Вольферлю очень понравились пирожные со взбитыми сливками, которыми угостила его Мария Антуанетта. Она была такой хорошенькой и веселой – просто глаз не отвести. И предлагала посмотреть ее клавесин – может, ему захочется на нем сыграть, а Вольферль думал, как, должно быть, приятно ее поцеловать.
– У вас есть свой парк, чтобы в нем играть? – спросила Мария Антуанетта.
– Нет. – А зачем он нужен, подумал Вольферль.
– А у нас есть. Но у вас, конечно, есть охотничий парк?
– Нет, – грустно ответил он. Белокурая, голубоглазая, с нежной кожей и ярким румянцем, она была просто обворожительна, особенно когда улыбалась. А сейчас вдруг стала очень серьезной.
– У нас самый большой охотничий парк в империи. Папа там сейчас охотится на оленей. А вы любите охотиться?
Вольферль недоуменно пожал плечами, хорошо бы она поговорила о чем-нибудь, знакомом ему.
– Пойдемте, я покажу вам свой клавесин, – предложила Мария Антуанетта.
Тринадцатилетняя эрцгерцогиня Иоганна, решив, очевидно, что отпускать их одних не следует, присоединилась к сестре. Вольферль, желая доказать, что он не маленький, поспешил вслед за старшими, но, непривычный к натертому паркету, поскользнулся и упал. Иоганна сделала вид, будто ничего не заметила, а Мария Антуанетта подбежала к мальчику и, стараясь ободрить, помогла подняться.
Отправившиеся на поиски детей Мария Терезия с Мамой подошли как раз, когда Вольферль говорил Марии Антуанетте:
– Вы очень добры. Когда я вырасту, я женюсь на вас.
Немало удивленная, Мария Терезия спросила почему.
– Из благодарности, – ответил Вольферль, – и еще потому, что она добрая. Ее сестра не захотела мне помочь, а она помогла.
Дети были оставлены на попечение придворной дамы, и императрица указала Анне Марии на кресло. Анну Марию потрясла ее благосклонность. Правда, сама императрица уселась на более высокое кресло с величественной, как у трона, спинкой, но, в общем, они сидели почти как равные.

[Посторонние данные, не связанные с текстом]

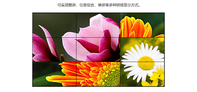 本方案液晶拼接屏采用3行x5列維康點對點圖像處理器,單臺物理分辨率1920x1080,總分辨率9600x3240(1920x5=9600,1080x3=3240), 拼接顯示圖像點對點、不拉伸、不變形,畫質更加細膩清晰。

Марию Терезию заинтересовал маленький мальчик. Она понимала, отец не даст откровенных ответов на ее вопросы, ей казалось, что он слишком эксплуатирует ребенка, но императрице поправилась Анна Мария, в ее представлении образец доброй немки – матери семейства. Дружелюбно, насколько позволяло ее положение, она спросила:
– Когда же это проявилось? – Что, ваше величество?
– Его одаренность, очарование, способности.

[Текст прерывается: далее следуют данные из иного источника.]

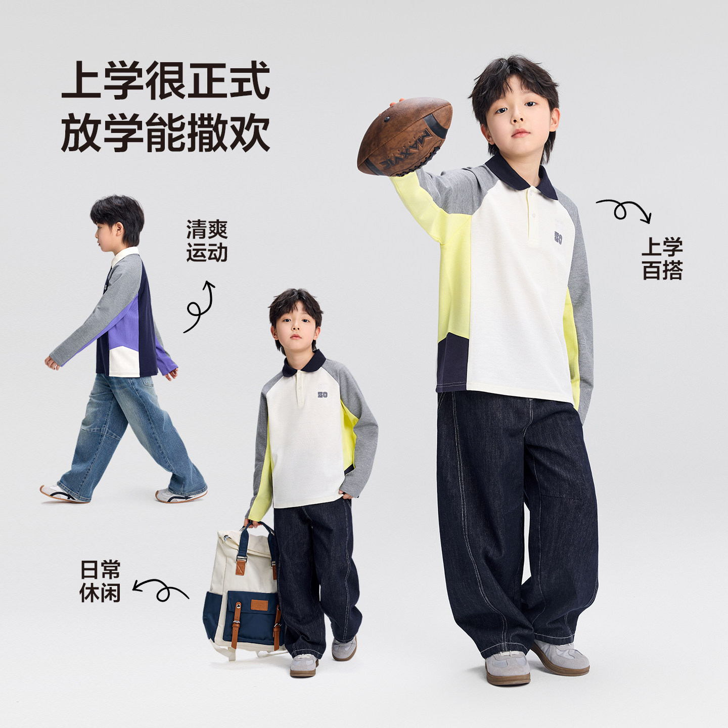 左西童装男童polo衫长袖t恤儿童打底衫2026新款男孩大童学院风潮T

– Не знаю, – Анна Мария обвела взглядом натертый паркет, сверкающие люстры, изящные зеркала и снова посмотрела на императрицу. Она встретила ее ободряющую улыбку – улыбку матери и одновременно всеведущей властительницы, которую сам создатель облек властью, – и вдруг высказала вопрос, годами не дававший ей покоя.
– Ваше величество, откуда у него это?
– Что это? – На сей раз озадачена была Мария Терезия.

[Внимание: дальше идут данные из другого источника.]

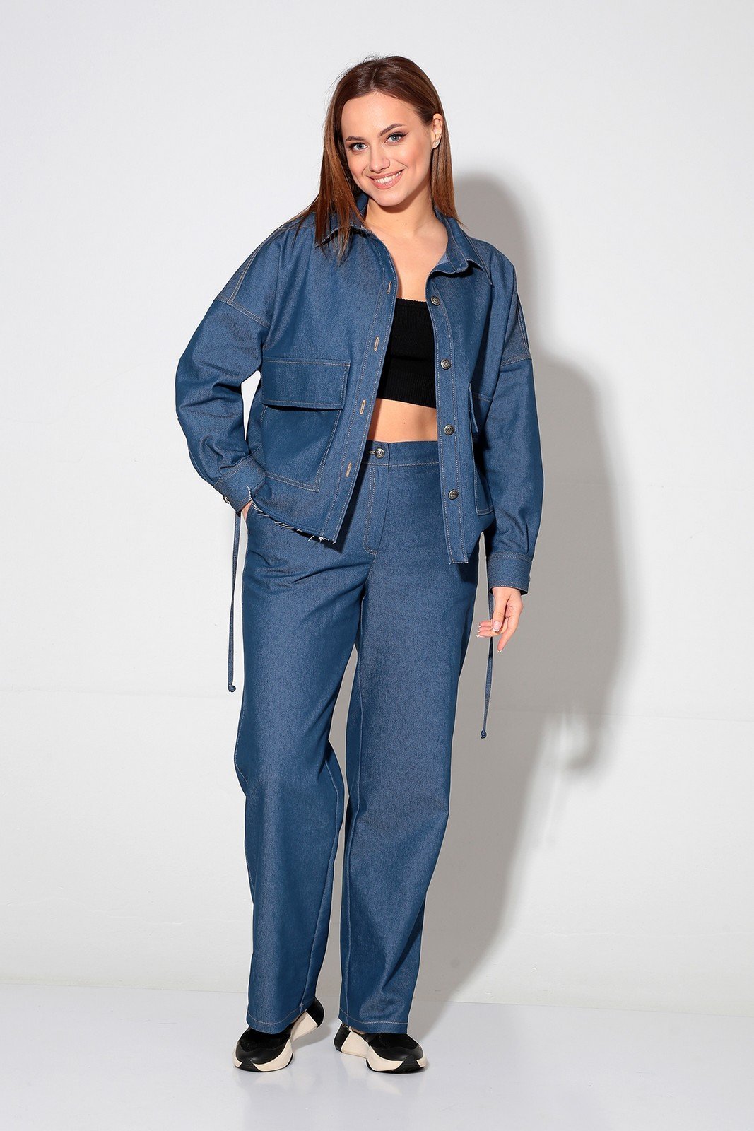 Жакет прямого силуэта со спущенной линией плеча. Воротник рубашечного типа. По переду накладные карманы с клапаном. Центральная застёжка на петли и пуговицы. По спинке настроченная кулиса со шнуром из основной ткани. Низ рукава на притачной манжете с застёжкой на петлю и пуговицу. Брюки на притачном поясе, от середины передних половинок и по спинке на резинке. Застежка брюк спереди по типу «гульфик». По бокам карманы с наклонным входом. Сзади накладные карманы.

– Гениальность. Ведь правда, он гениален, ваше величество?
– Потому, что так хорошо играет для своего возраста? – Мария Терезия снисходительно улыбнулась.
– Нет, ваше величество, не только потому. Что касается музыки, для него нет трудностей.
– Это необычно, – согласилась Мария Терезия, – и, разумеется, он прелестный ребенок.
– Мне иногда кажется, ваше величество, что его гениальность – дар божий.
Мария Терезия не ответила, слова Анны Марии показались ей чересчур дерзкими. Унаследованный ею трон действительно был даром свыше, но что мог получить в наследство от своих предков сын Моцартов? Кроме того, почти все музыканты – цыгане. Мальчик вызывал у нее интерес как у матери, а не как у покровительницы искусств.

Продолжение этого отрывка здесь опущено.